An Application of Machine Learning in Pharmacovigilance: Estimating Likely Patient Genotype From Phenotypical Manifestations of Fluoropyrimidine Toxicity

Luis Correia Pinheiro 1,, Julie Durand 1, Jean‐Michel Dogné 2,3
PMCID: PMC7158217  PMID: 31955411

Abstract

Dihydropyrimidine dehydrogenase (DPD)‐deficient patients might only become aware of their genotype after exposure to dihydropyrimidines, if testing is performed. Case reports to pharmacovigilance databases might only contain phenotypical manifestations of DPD, without information on the genotype. This poses a difficulty in estimating the cases due to DPD. Auto machine learning models were developed to train patterns of phenotypical manifestations of toxicity, which were then used as a surrogate to estimate the number of cases of DPD‐related toxicity. Results indicate that between 8,878 (7.0%) and 16,549 (13.1%) patients have a profile similar to DPD deficient status. Results of the analysis of variable importance match the known end‐organ damage of DPD‐related toxicity, however, accuracies in the range of 90% suggest presence of overfitting, thus, results need to be interpreted carefully. This study shows the potential for use of machine learning in the regulatory context but additional studies are required to better understand regulatory applicability.


Study Highlights.

  • WHAT IS THE CURRENT KNOWLEDGE ON THE TOPIC?
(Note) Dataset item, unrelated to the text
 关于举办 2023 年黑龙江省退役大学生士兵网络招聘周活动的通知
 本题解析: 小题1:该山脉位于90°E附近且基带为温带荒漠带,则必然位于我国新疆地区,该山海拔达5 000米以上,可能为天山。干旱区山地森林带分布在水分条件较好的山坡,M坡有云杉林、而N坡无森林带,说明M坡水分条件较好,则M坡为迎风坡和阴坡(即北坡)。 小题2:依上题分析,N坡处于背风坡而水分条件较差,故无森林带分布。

☑ The true proportion of cases of dihydropyrimidine dehydrogenase (DPD)‐deficient individuals with adverse reactions to fluoropyrimidines reported to pharmacovigilance databases is not estimable using traditional methods.

  • WHAT QUESTION DID THIS STUDY ADDRESS?

☑ This study aimed at providing an estimate of the proportion of patients that might have susceptibility to fluoropyrimidine toxicity due to DPD deficiency. In essence, this is an imputation exercise, using machine learning models to classify likely DPD genotype.

  • WHAT DOES THIS STUDY ADD TO OUR KNOWLEDGE?

☑ Machine learning models can assist in imputing likely genotype from phenotypical manifestations. The results allow a better understanding of the influence of DPD deficiency in reports of adverse drug reactions.

  • HOW MIGHT THIS CHANGE CLINICAL PHARMACOLOGY OR TRANSLATIONAL SCIENCE?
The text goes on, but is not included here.